Rowan swung off the horse, his long coat flapping around his legs. The sound annoyed her. She wondered why he wore it. It seemed so inconvenient to have such a long swatch of fabric tripping you up and getting in your way, not to mention the fact that such a large amount of fabric could be used for other useful things.

He turned to her, his eyes showing mild surprise, probably upon seeing that she was awake.

"I would have woken you up when I left but even though I shook you for a good few minutes, you were still out cold. You must have been very tired." He said, the faint shadow of a smile playing across the corner of his mouth.

"I was really that tired? I didn't feel it." She found it hard to imagine herself not waking up after solid minutes of shaking. Usually, she slept like the wind and could wake up at the drop of a pin.

After a few seconds passed and he didn't say anything, Jasta decided to ask: "Why did we stop? Shouldn't we travel as much as possible if we want to reach Yarul?" it was still clearly daylight, even though the fog blocked so much of the sun's like.

"Yes. But the fog is too thick. If we keep going with the fog like this, the horse might stumble and injure an ankle, and we'd be stranded without a ride until the horse heals. I'll set up camp and we can wait until the fog clears a bit." He replied.

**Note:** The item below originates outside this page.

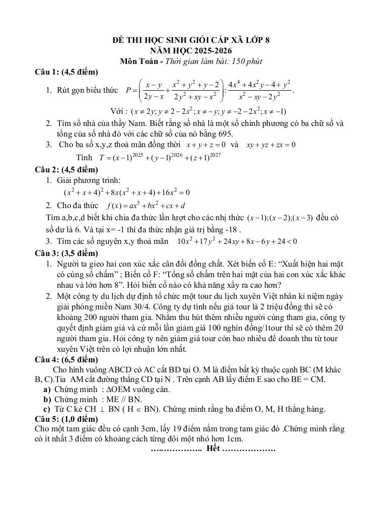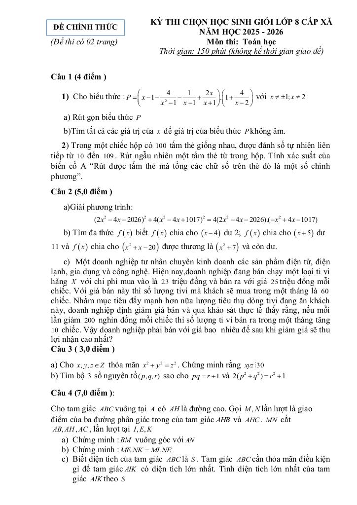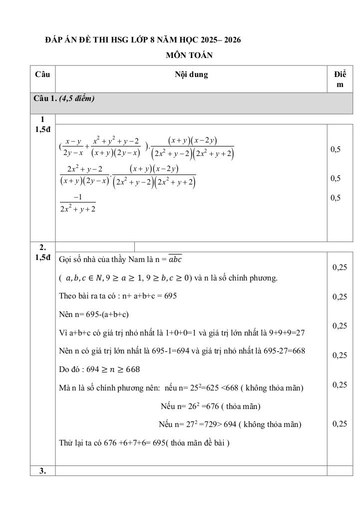 Toán học luôn là một môn học quan trọng, giúp học sinh phát triển tư duy logic và kỹ năng giải quyết vấn đề. Để hỗ trợ các bạn học sinh và giáo viên trong việc học tập và giảng dạy, bài viết này sẽ cung cấp lời giải chi tiết và đáp án chính xác cho chủ đề đề chọn học sinh giỏi toán 8 năm 2025 – 2026 cụm các trường thcs – nghệ an, giúp bạn hiểu sâu và tự tin hơn khi làm bài tập.

Setting up took much quicker than the last time because Rowan remembered himself didn't set it up for all of his brothers.

The new sparks of fire were a warm ember of light within the gloomy dusk of the evil forest that seemed to go on endlessly.

Rowan disappeared into the trees, leaving her to sit by herself near the fire, trying to remain at least slightly warm.

Even sitting on a log by the fire, Jasta's skin was covered in goosebumps. She started to shiver. The fog made her clothes damp and the cold seeped through her wool shirt and into her bones. Her teeth started to chatter.